The decision by the UK and a number of European capitals to participate in the founding of the Asian Infrastructure Investment Bank (AIIB) last week provoked an intemperate response from Washington. The US inevitably sees the bank as a challenge to the primacy of the Bretton Woods institutions and an instrument of Chinese regional influence, but this is to see the prospective bank purely as an instrument of power projection. The AIIB is also a concrete policy response to a very concrete policy problem, and is worth assessing in those terms, especially for those with an interest in the incentives for capital formation for infrastructure in Asia. Whatever the uncomfortable realities for Washington and Tokyo in particular suggested by Beijing’s desire to assert its own influence over regional institutions there is a wider need to recognise the shared aims in improving and derisking capital formation in Asia for infrastructure.

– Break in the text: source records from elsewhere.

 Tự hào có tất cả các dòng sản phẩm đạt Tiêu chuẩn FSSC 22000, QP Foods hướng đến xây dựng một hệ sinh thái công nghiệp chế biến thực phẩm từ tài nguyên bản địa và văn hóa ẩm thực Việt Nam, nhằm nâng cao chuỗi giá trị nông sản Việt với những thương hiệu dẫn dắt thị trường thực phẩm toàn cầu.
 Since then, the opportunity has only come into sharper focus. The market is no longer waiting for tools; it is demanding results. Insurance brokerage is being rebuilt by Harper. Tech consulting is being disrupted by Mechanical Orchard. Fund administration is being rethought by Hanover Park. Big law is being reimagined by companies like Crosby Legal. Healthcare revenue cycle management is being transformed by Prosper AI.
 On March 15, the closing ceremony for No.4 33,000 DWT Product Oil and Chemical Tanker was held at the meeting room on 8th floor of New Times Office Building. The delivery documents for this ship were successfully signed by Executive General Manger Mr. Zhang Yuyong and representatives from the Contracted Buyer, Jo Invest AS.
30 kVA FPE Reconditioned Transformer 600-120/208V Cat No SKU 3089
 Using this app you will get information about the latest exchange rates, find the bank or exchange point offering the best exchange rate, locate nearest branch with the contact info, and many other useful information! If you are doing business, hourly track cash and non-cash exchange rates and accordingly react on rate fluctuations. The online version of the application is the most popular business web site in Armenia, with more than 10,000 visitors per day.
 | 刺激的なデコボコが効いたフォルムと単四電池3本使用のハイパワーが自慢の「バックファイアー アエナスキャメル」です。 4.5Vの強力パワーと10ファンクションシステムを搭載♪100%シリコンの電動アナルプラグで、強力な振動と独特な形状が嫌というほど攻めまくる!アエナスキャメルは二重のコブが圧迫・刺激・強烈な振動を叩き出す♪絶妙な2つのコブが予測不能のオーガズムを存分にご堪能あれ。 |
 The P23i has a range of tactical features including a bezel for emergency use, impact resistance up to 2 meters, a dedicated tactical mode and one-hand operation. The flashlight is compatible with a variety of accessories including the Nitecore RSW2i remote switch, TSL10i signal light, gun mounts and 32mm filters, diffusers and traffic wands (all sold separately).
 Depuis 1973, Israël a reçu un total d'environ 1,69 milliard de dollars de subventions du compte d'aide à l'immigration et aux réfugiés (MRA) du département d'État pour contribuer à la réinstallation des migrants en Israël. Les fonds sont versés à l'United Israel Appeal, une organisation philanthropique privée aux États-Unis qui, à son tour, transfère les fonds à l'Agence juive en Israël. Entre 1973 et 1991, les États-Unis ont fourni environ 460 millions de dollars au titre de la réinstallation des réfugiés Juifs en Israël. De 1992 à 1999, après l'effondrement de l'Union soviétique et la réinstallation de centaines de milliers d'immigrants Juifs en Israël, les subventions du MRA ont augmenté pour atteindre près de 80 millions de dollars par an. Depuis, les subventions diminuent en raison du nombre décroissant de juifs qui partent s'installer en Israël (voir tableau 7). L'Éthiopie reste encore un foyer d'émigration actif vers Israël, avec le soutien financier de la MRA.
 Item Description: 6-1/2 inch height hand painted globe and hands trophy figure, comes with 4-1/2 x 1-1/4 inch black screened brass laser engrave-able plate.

The momentum behind the AIIB lies in a series of debates about Asian infrastructure needs that cristalised in 2010 around an analysis by the Asian Development Bank (ADB). This analysis was generated from national infrastructure plans that had advanced to feasibility study stage and thus has some price tag attached, meaning that it is likely to be a lower bound of recognised needs. It suggested a rough figure of around $800bn in annual infrastructure investment needs for Central, South, East and South East developing Asia for the period 2010-2020. This covered both new build and infrastructure maintenance.

Half of this huge total is in China, but the ADB identified substantial needs in Indonesia, Malaysia, the Philippines, Thailand, Vietnam and India, with needs in these markets heavily skewed towards new build rather than upkeep. Importantly, the ADB flagged around $320bn of needs for regional or sub-regional projects designed to build cross-border interconnectivity and especially vulnerable as projects to coordination failures and investor risk-aversion. The scale of this total requirement is equivalent to around 6.5% of the region’s projected GDP for the period to 2020. This is about double the current average rate of infrastructure investment in OECD states.

The money problem

Fig 1: Fixed inward investment stock  ($mn)
Source: UNCTAD

Two especially pressing deficits jumped out of this analysis and are still at the heart of the basic problem. The first was energy infrastructure at the national level – almost half of the ADB’s projected infrastructure deficit is electricity generation and transmission infrastructure.  The second was transport infrastructure at the regional or sub-regional level, especially port infrastructure and cross border road and especially rail connections. Of the estimated $320bn in regional or sub-regional investment requirements, more than two thirds is transport infrastructure. This includes more than $50bn for large container port upgrades of the sort needed to realise Beijing’s notion of a ‘string of pearls’ shipping infrastructure though the Indian ocean or Jakarta’s ‘maritime axis’ concept of Indonesia’s ports as new transhipment hubs. It also includes $130bn for pan-Asian rail links, especially east-west connections between the Pacific seaboard and the markets of South and Central Asia.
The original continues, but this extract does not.